Court Ruling Blocks States’ Efforts To Halt Obama Administration Regulations On Power Plants
The Obama Administration’s aggressive regulatory agenda has been the subject of countless debate, particularly when it comes to EPA efforts to regulate the energy industry through new emissions standards. A much-anticipated ruling on the EPA’s Mercury and Air Toxics Standards was delivered by the Supreme Court on Monday. The AP reports that the Court declined to reconsider, at the request of 20 states, a decision by the US Circuit Court of Appeals for the District of Columbia to keep in place the Environmental Protection Agency’s mercury-pollution rule while the government revises it to factor in compliance costs. In 2015, the Supreme Court ruled that the EPA should have assessed costs and benefits before enacting limits on mercury and other emissions from coal- and oil-fired power plants, the AP notes. In that ruling, however, the justices allowed the Mercury and Air Toxics Standards rule to stay in effect while the appeals court decided how a cost-benefit analysis should be conducted. The EPA finalized its analysis of the rule’s costs in April. According to Reuters, Monday’s decision is the second time this year the high court rebuffed a group of states that had tried to block the Obama administration’s regulations on power plant emissions. Opponents of the mercury rule, which took effect over a year ago and mainly affect coal-fired plants, “have estimated they would cost $9.6 billion a year and raise electricity bills,” Reuters says. Environmental groups supported Monday’s Supreme Court action.

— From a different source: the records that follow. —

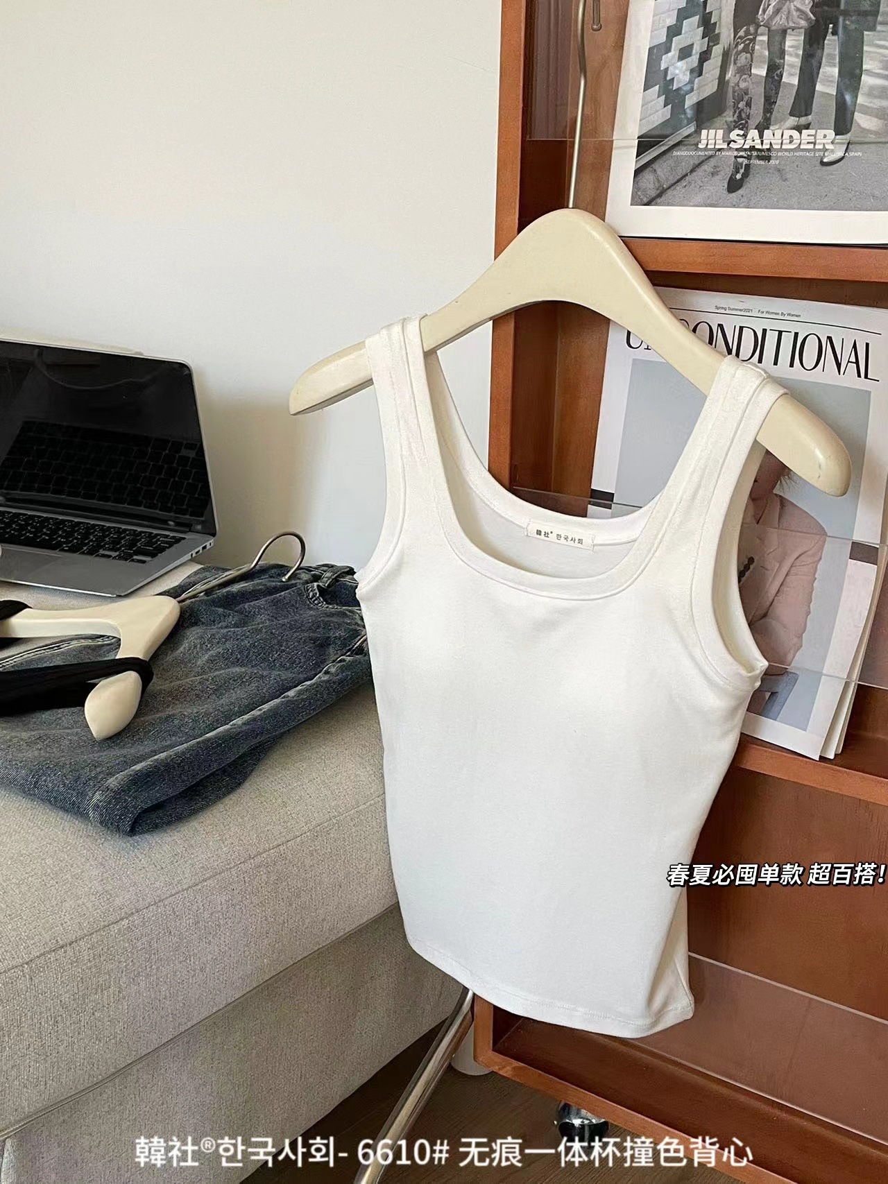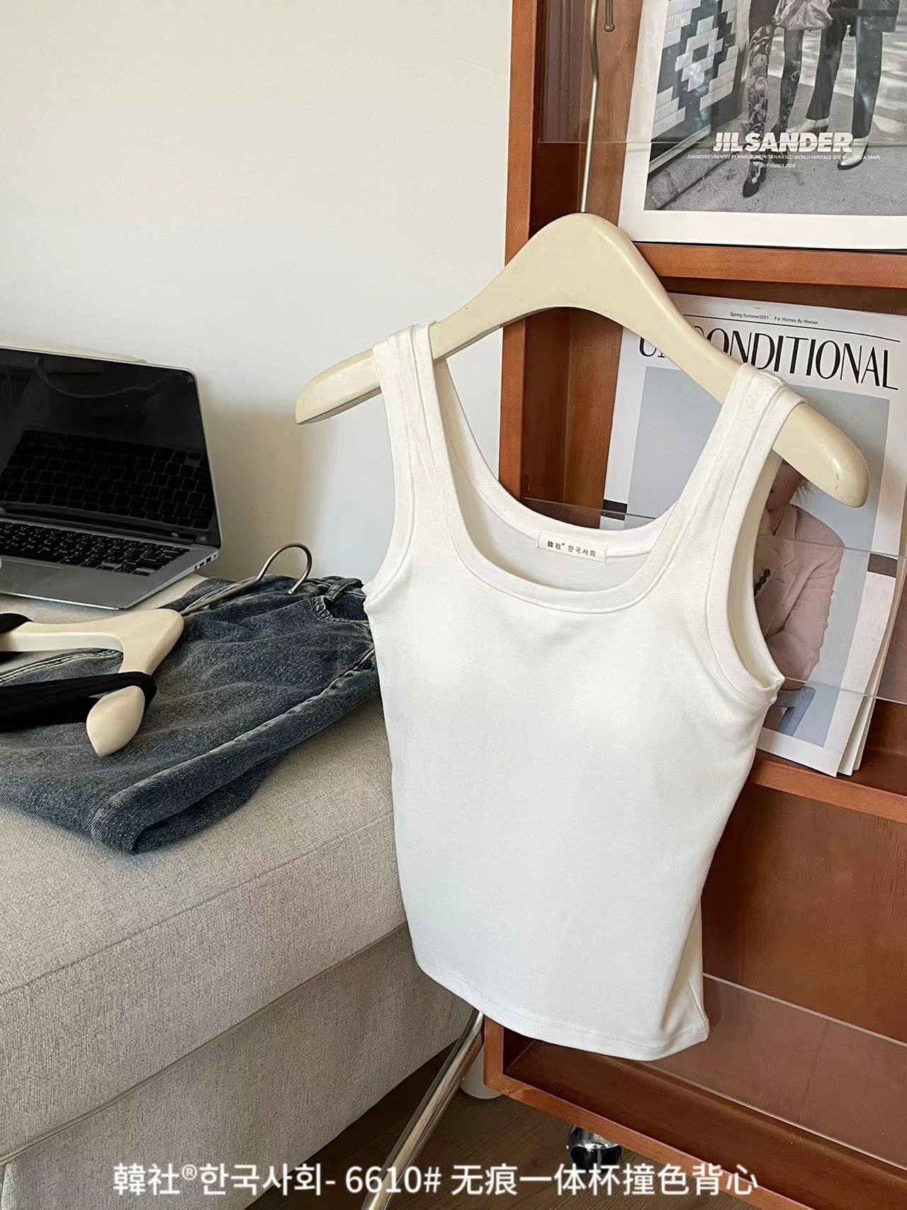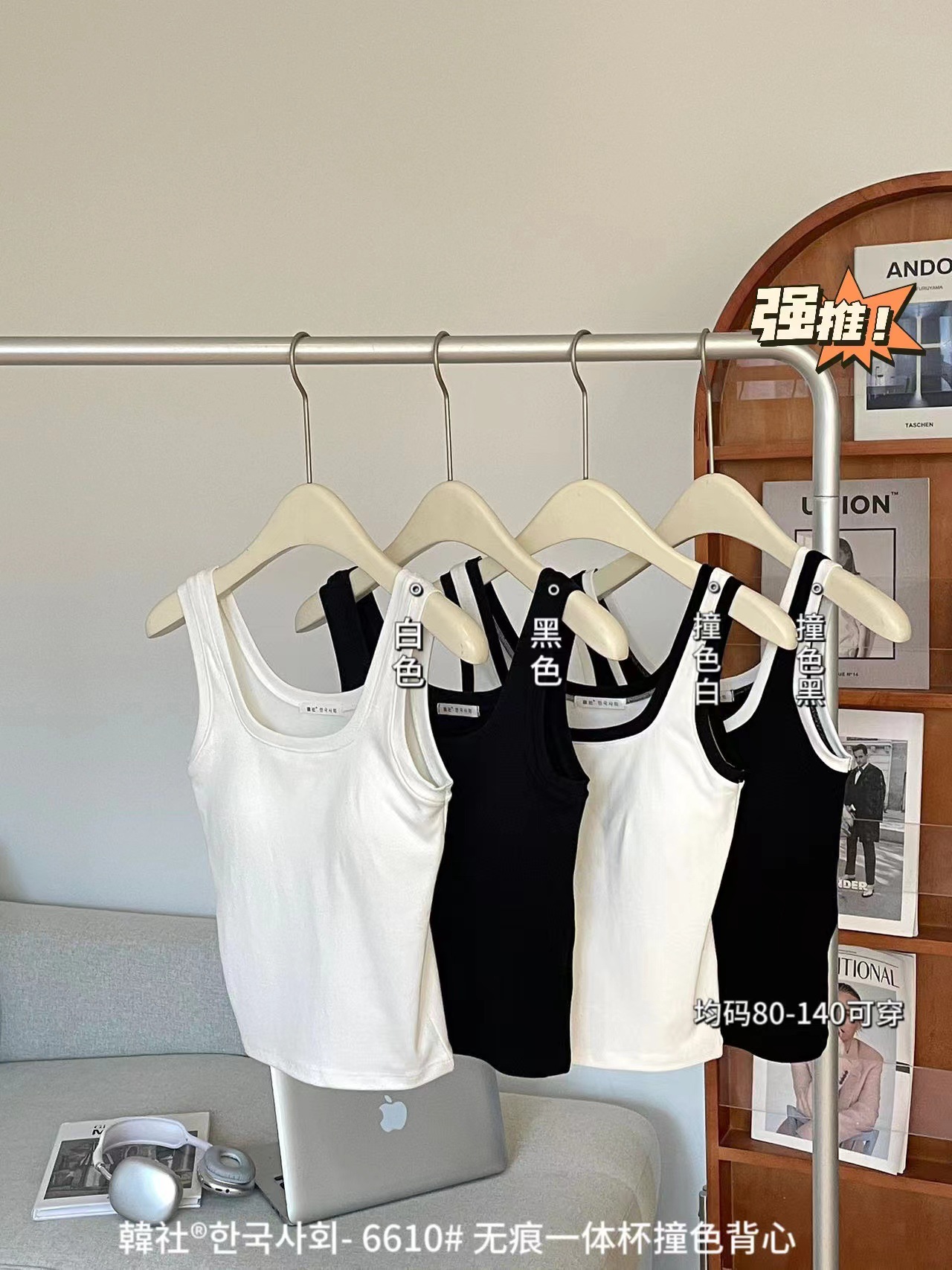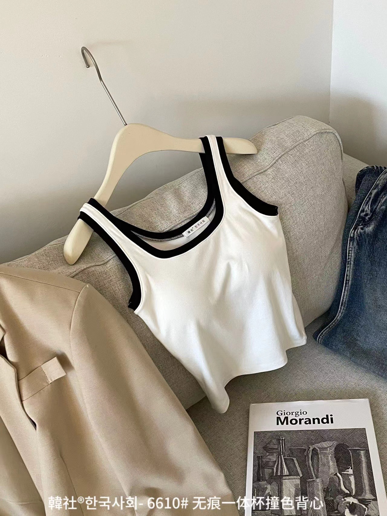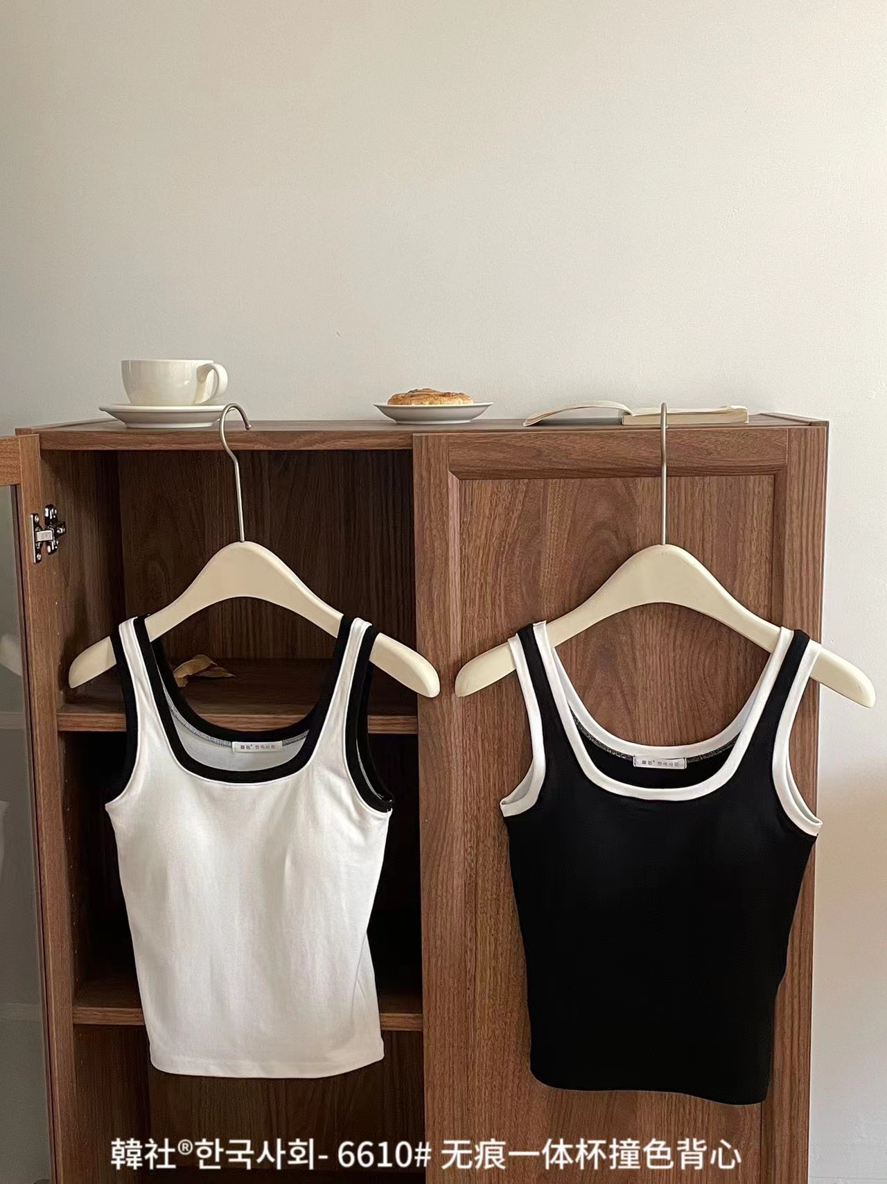 Hanshe 6610 # 원활한 원피스 컵 대비 컬러 U-칼라 조끼 여성을위한 안티 노출 편안한베이스 스티칭 슬링 뷰티 백스토어 가기
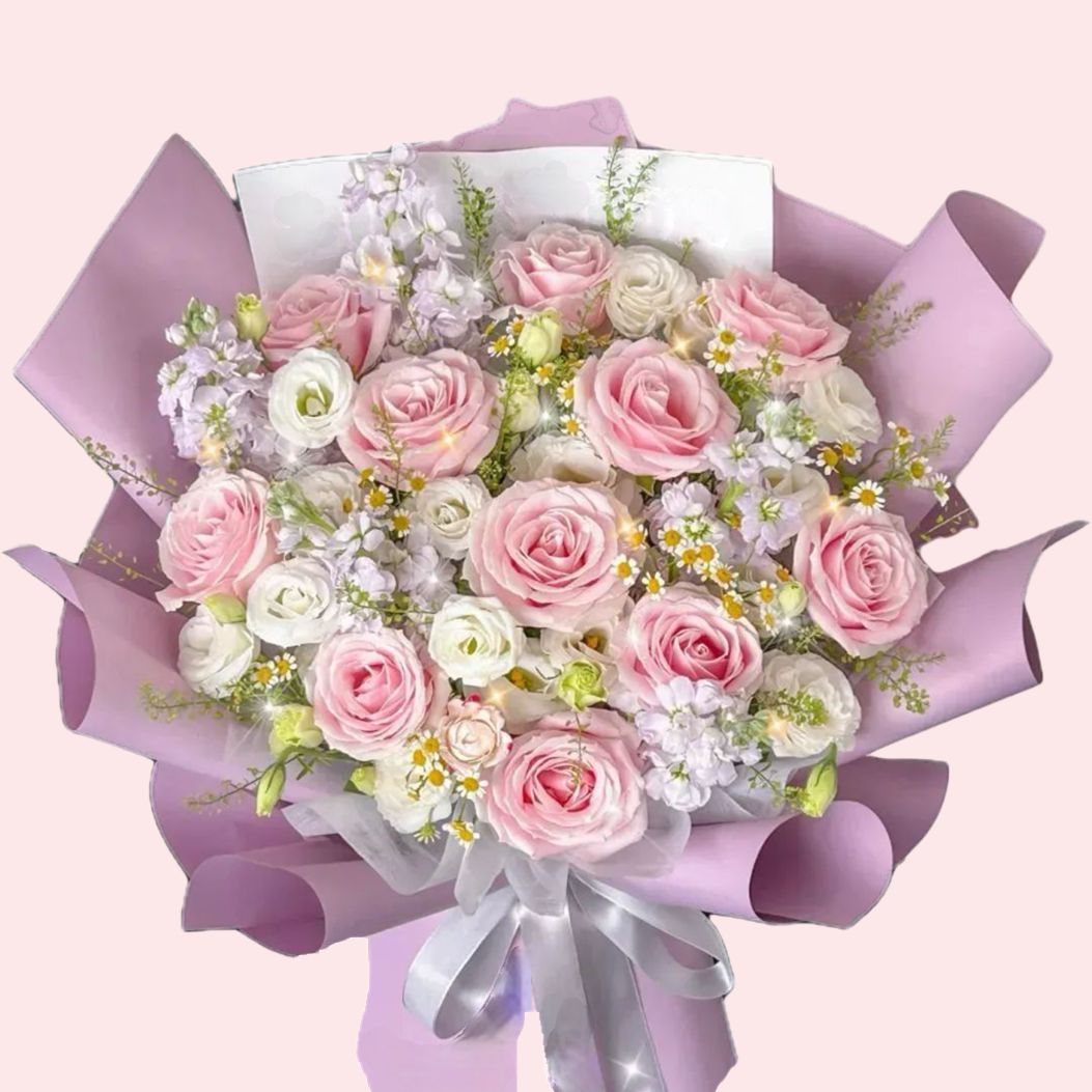 This bouquet features 11 pink roses, symbolizing "unwavering love for you." Paired with violets, white lisianthus, and chamomile, the soft colors and refreshing fragrance create a bouquet that evokes the gentle warmth of lovers in the morning light, a blend of romance and elegance. Understated and elegant, this bouquet is perfect for a gentle, intellectual woman.
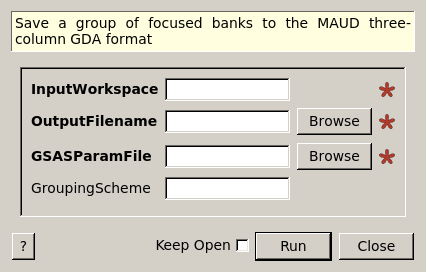 Takes a WorkspaceGroup whose children are single-spectra workspaces corresponding to focused banks, and saves them to the MAUD-readable .gda format.
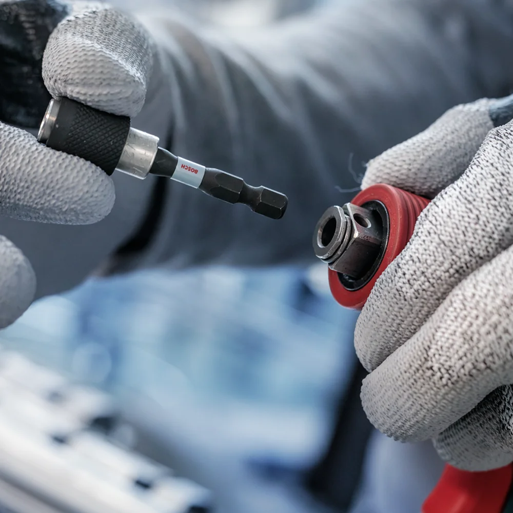 Zahvaljujući šesterostranom prihvatu od 1/4 inča otpornom na udarce, držač je prilagođen za intenzivnu upotrebu u udarnim stezačima i akumulatorskim izvijačima. Konstrukcija je razvijena kako bi izdržala visoka opterećenja i produžila vijek trajanja alata i nastavaka.
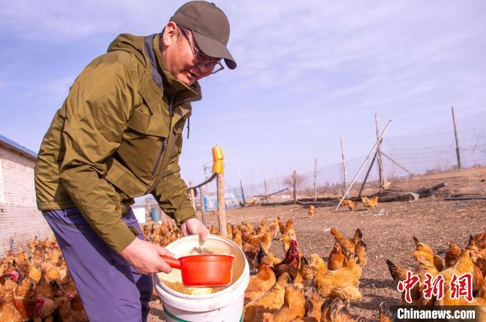 图为呼和图嘎正在鸡舍里喂鸡。管永新 摄
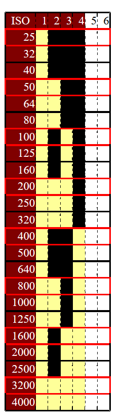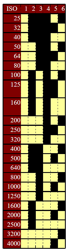 Mit 4 Stiften, von denen 3 kodieren und einer die Masse bildet, sind nur die Empfindlichkeitsstufen ISO 25-50-100-200-400-800-1600-3200 möglich, jedes mal ein Verdoppelung der Empfindlichkeit. Ganz schön clever aufgebaut. Ein ISO 64 Film wird wie ein ISO 50 oder 80 gelesen.
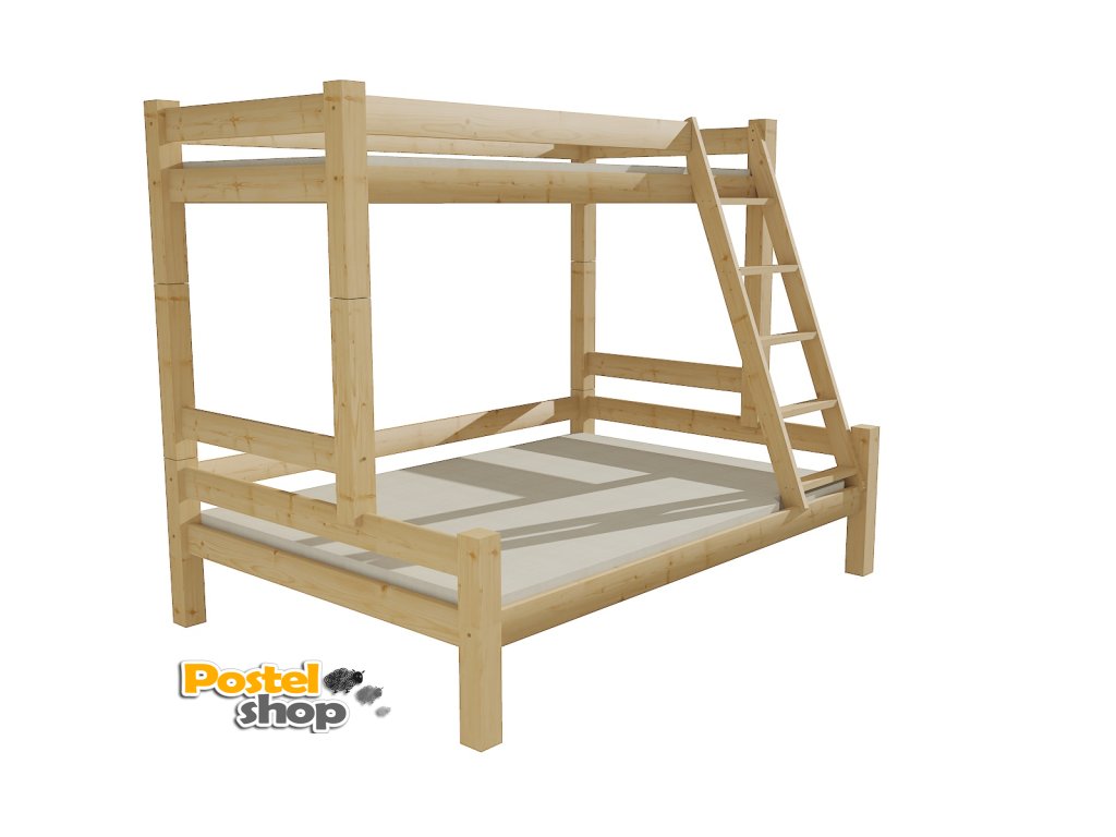 Patrová postel s rozšířeným spodním lůžkem je vyrobena z masivu borovice.

What This Means For Small Businesses
Complying with burdensome environmental regulations such as the MATS rule is certain to impose significant costs on small businesses. The Supreme Court’s decision to not reconsider the DC Circuit Court of Appeals’ ruling in the case is a blow to the bottom lines of small businesses.
Note: this article is intended to keep small business owners up on the latest news. It does not necessarily represent the policy stances of NFIB.